Хаддо улыбнулся и не ответил. Войдя в центр круга, мистер Оливер опустился на колени и пробормотал несколько арабских слов, которые доктор Поро тут же перевел:

«О, змея, я заклинаю Тебя великим, всемогущим Богом, появись. Ты лишь змея, а Бог Могущественнее всех змей. Подчинись моему приказу и появись».

Дрожь прошла по мешку из овчины, и через мгновенье оттуда высунулась голова, а затем, извиваясь, выползло и гибкое тело гада. Змея была светло-серого цвета, над глазами возвышался рог. Она легла, свернувшись в клубок.

– Узнаете? – обратился Оливер к доктору.

– Узнаю.

Заклинатель не шевелился. Женщина, сидевшая в полу мраке дальнего угла, перестала барабанить. Хаддо схватил змею и открыл ей пасть. Мелькнули ядовитые клыки, и челюсти сомкнулись на обнаженной руке. Артур напряженно ожидал вскрика боли, но Хаддо даже не поморщился. Змея болталась на его руке, извиваясь всем телом. Он произнес арабское заклинание. И вдруг, как капля воды с крыши, змея упала на землю. Брызнула кровь. Хаддо трижды поплевал на кровоточащую ранку, пробормотав несколько слов, которые его спутники не могли расслышать, и трижды коснулся следа от укуса пальцами. Кровотечение прекратилось. Он протянул Артуру руку.

– Перед вами то, что хирург наверняка назовет исцелением первичным натяжением, – сказал он.

Бардон был поражен, но Хаддо раздражал его, и он не желал признать, что в остановке кровотечения было что-то чудесное.

– Вы еще не доказали, что змея ядовита.

– Я еще не закончил, – улыбнулся Хаддо.

Он опять повернулся к арабу, и тот что-то приказал женщине. Не произнеся ни слова, она вытащила из ящика, стоявшего неподалеку, белого кролика. Подняла его за уши, и тот задрыгал лапами. Хаддо положил его перед змеей. Прежде чем кто-либо успел шевельнуться, змея метнулась вперед и, как молния, поразила кролика. Бедный зверек коротко вскрикнул, по его тельцу прошла волна судороги, и он упал замертво.

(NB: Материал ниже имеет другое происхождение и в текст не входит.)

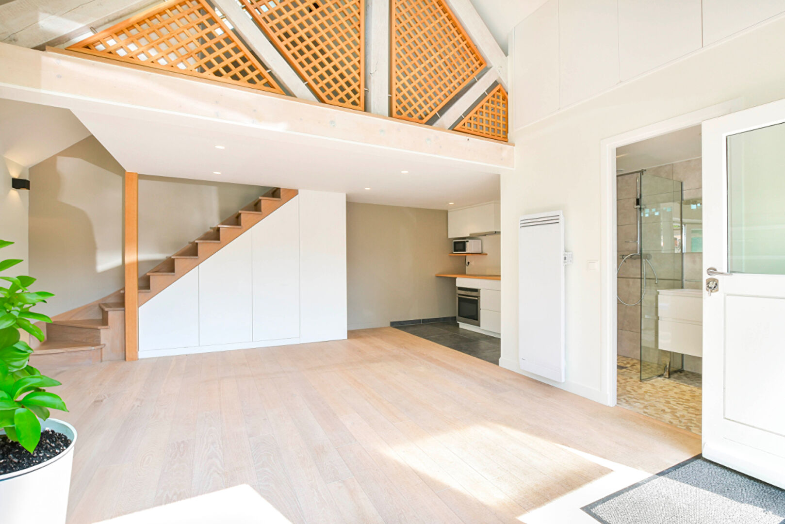 Le studio indépendant, parfait pour recevoir famille et amis, dispose d'un coin cuisine et d'une salle d'eau au rez-de-chaussée, ainsi qu'un espace nuit cosy à l'étage.

Маргарет с воплем вскочила на ноги.

– О, как жестоко! Как отвратительно жестоко!

– Ну, теперь вы убедились? – холодно спросил Хаддо. Женщины поспешили к выходу. Им было страшно и противно. Оливер Хаддо остался один на один с заклинателем.

ГЛАВА ПЯТАЯ

Доктор Поро пригласил Артура прийти в воскресенье с Маргарет и мисс Бойд к себе, он жил на острове Сан Луи, и влюбленные решили по дороге к доктору заглянуть на часок-другой в Лувр. Сюзи, которой они предложили со провождать их, предпочла явиться в гости самостоятельно.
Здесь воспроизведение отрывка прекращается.